In some cases, the best fit also involves a big handful of dice. A slightly worse fit may involve substantially fewer dice. It’s not a simple matter of picking the “best” fit; it also has to be reasonably useful by actual players.

def report(outcomes: int = 5, max_dice: int | None = None):
    """
    Locate optimal Mechanics for a given number of outcomes.
    This prints a summary of each mechanic considered.
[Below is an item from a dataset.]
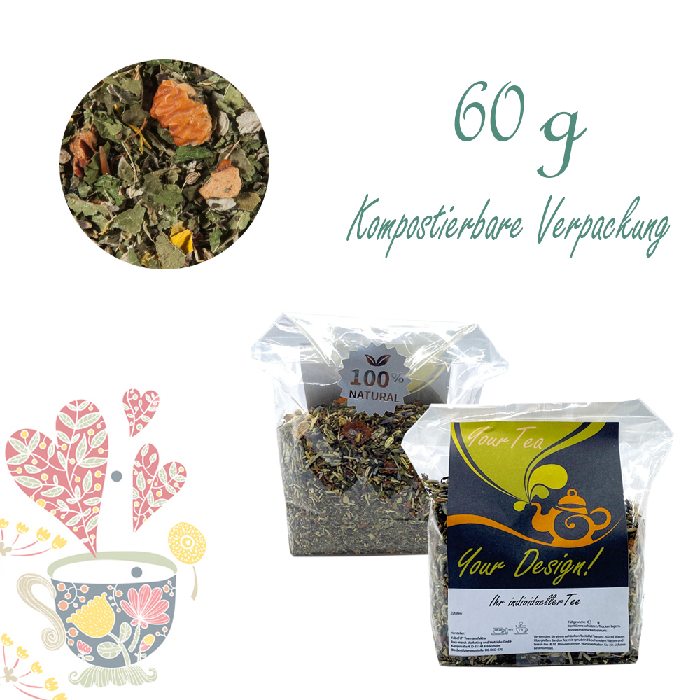 Brombeerblätter, Anis, Fenchel, Apfelstücke, Holunderbeeren, Hagebuttenschalen, Hibiskusblüten, Sonnenblumenblüten, Ringelblumenblüten, Aroma

    :param outcomes: Number of distinct, equal-probability outcomes
    :param max_dice: Maximum number of dice to consider, the default is the number of outcomes.
    """
    mechanics = [
        make_mechanic(outcomes, n_dice)
        for n_dice in range(2, max_dice or outcomes+1)
    ]
    for m in sorted(mechanics, key=lambda m: m.score):
        print(f"{m.result_size} choices with {m.n_dice}D")
        print(f"| roll | result | frequency | error |")
        print(f"| ---- | ------ | --------- | ----- |")
        expected = 1 / outcomes
        for dr in m.mapping:
            actual = dr.total / m.total_size
            print(f"| {dr.low}-{dr.high} | {dr.map_to} | {actual:.1%} | {actual - expected:.1%} |")
        print(f"{m.score=:.3f} {m.max_error=:.1%}")
        print()

Let’s use this report() function to compute a number of different kinds of equal-probability mechanics.

report(5)

5 choices with 4D
| roll | result | frequency | error |
| ---- | ------ | --------- | ----- |
| 4-10 | 0 | 15.9% | -4.1% |
| 11-12 | 1 | 17.7% | -2.3% |
| 13-14 | 2 | 22.1% | 2.1% |
| 15-16 | 3 | 20.4% | 0.4% |
| 17-24 | 4 | 23.9% | 3.9% |
m.score=0.004 m.max_error=-4.1%

5 choices with 3D
| roll | result | frequency | error |
| ---- | ------ | --------- | ----- |
| 3-7 | 0 | 16.2% | -3.8% |
| 8-9 | 1 | 21.3% | 1.3% |
| 10-10 | 2 | 12.5% | -7.5% |
| 11-12 | 3 | 24.1% | 4.1% |
| 13-18 | 4 | 25.9% | 5.9% |
m.score=0.012 m.max_error=-7.5%

5 choices with 5D
| roll | result | frequency | error |
| ---- | ------ | --------- | ----- |
| 5-13 | 0 | 15.2% | -4.8% |
| 14-16 | 1 | 24.8% | 4.8% |
| 17-17 | 2 | 10.0% | -10.0% |
| 18-20 | 3 | 27.9% | 7.9% |
| 21-30 | 4 | 22.1% | 2.1% |
m.score=0.021 m.max_error=-10.0%

5 choices with 2D
| roll | result | frequency | error |
| ---- | ------ | --------- | ----- |
| 2-4 | 0 | 16.7% | -3.3% |
| 5-5 | 1 | 11.1% | -8.9% |
| 6-7 | 2 | 30.6% | 10.6% |
| 8-8 | 3 | 13.9% | -6.1% |
| 9-12 | 4 | 27.8% | 7.8% |
m.score=0.030 m.max_error=10.6%

We'll omit all the other experiments we ran to fill in the TL;DR table up front.